Work instructions: Copy out the entries below exactly as they stand, but only from the line containing "El Guante Hammer" through the line containing "The geographical distribution".

The input:
....
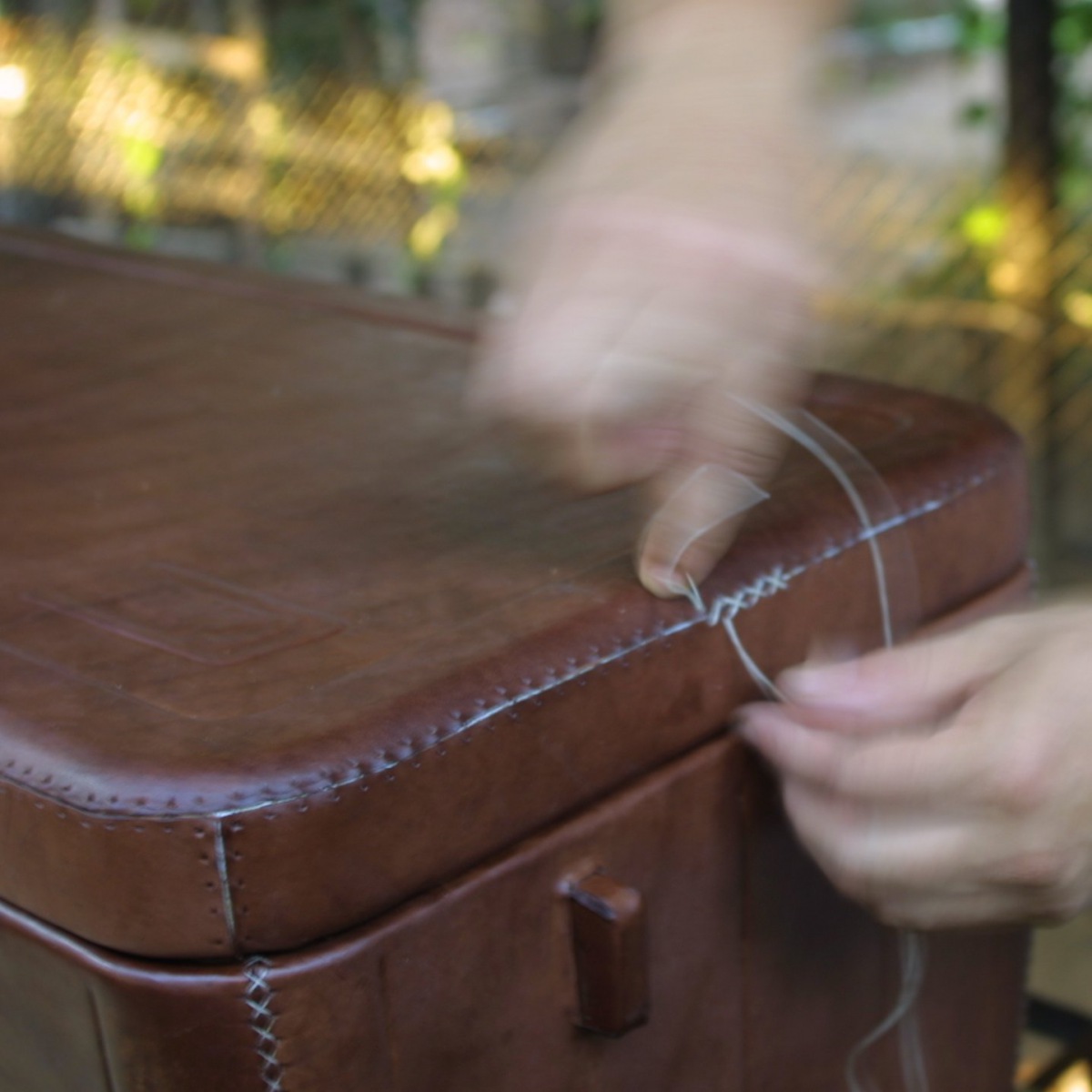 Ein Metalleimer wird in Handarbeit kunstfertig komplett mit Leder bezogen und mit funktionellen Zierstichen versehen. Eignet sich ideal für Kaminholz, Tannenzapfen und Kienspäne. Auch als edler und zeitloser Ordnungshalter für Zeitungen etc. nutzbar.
....
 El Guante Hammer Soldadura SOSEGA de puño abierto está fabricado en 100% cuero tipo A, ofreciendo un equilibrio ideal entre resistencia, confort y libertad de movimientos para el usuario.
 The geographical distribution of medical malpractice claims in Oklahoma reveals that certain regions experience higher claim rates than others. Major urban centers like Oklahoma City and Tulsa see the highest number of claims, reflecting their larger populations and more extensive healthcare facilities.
....
Task result:
 El Guante Hammer Soldadura SOSEGA de puño abierto está fabricado en 100% cuero tipo A, ofreciendo un equilibrio ideal entre resistencia, confort y libertad de movimientos para el usuario.
 The geographical distribution of medical malpractice claims in Oklahoma reveals that certain regions experience higher claim rates than others. Major urban centers like Oklahoma City and Tulsa see the highest number of claims, reflecting their larger populations and more extensive healthcare facilities.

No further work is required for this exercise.